PS Sorry if this has already been discussed and I missed it.

We've had a 28 node PC cluster running for a few months now. The PC's are connected with two 100 mbit switches interconnected with 4 bundled channels. All components are 100% off-the-shelf products. We use the cluster as a compute server for CFD simulations.

So far we are extremely happy with both performance and stability. Aside from one intital harddisk crash we haven't had any problems - all 28 nodes have stayed up for more than 3 months now! This is better than our HP V-class server! We run Linux RedHat 6.0 on the cluster.

Performance wise... Noone wants to run on our HP J and V class machines any more! The cluster scales very well and is faster per node than our one-year old high-end HP workstations (HP J2240).

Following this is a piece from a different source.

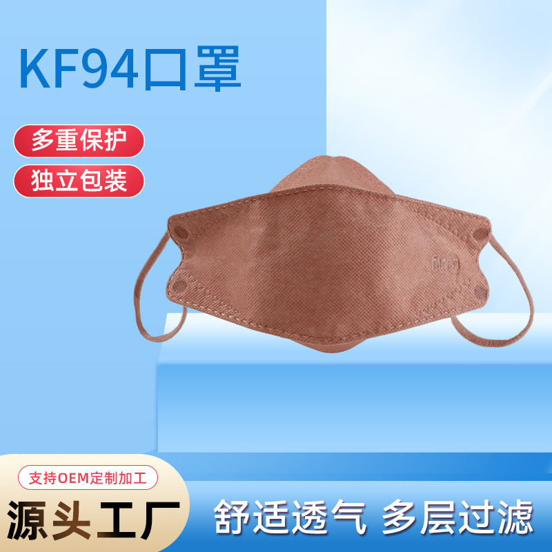 KF94口罩彩色批发柳叶型高颜值女韩鱼形防尘一次性折叠3d立体口罩

We have PIII-500 machines with 512 mb per node. Today you could buy AMD Athlon 800 MHz machines for the same price and get about twice the performance per CPU. I'm sure no workstation solution comes close to the price/performance of this. If you need top-perfromance you should connect the nodes with a Myrinet. However, IMHO the speed gain this gives can't warrant the extra cost. Standard fast ethernet is most often good enough and I think that it is wise to stay with the basic philosophy of only using standard off-the-shelf compononents (don't buy any fancy double CPU Xeon machines or so... you can never warrant the extra cost).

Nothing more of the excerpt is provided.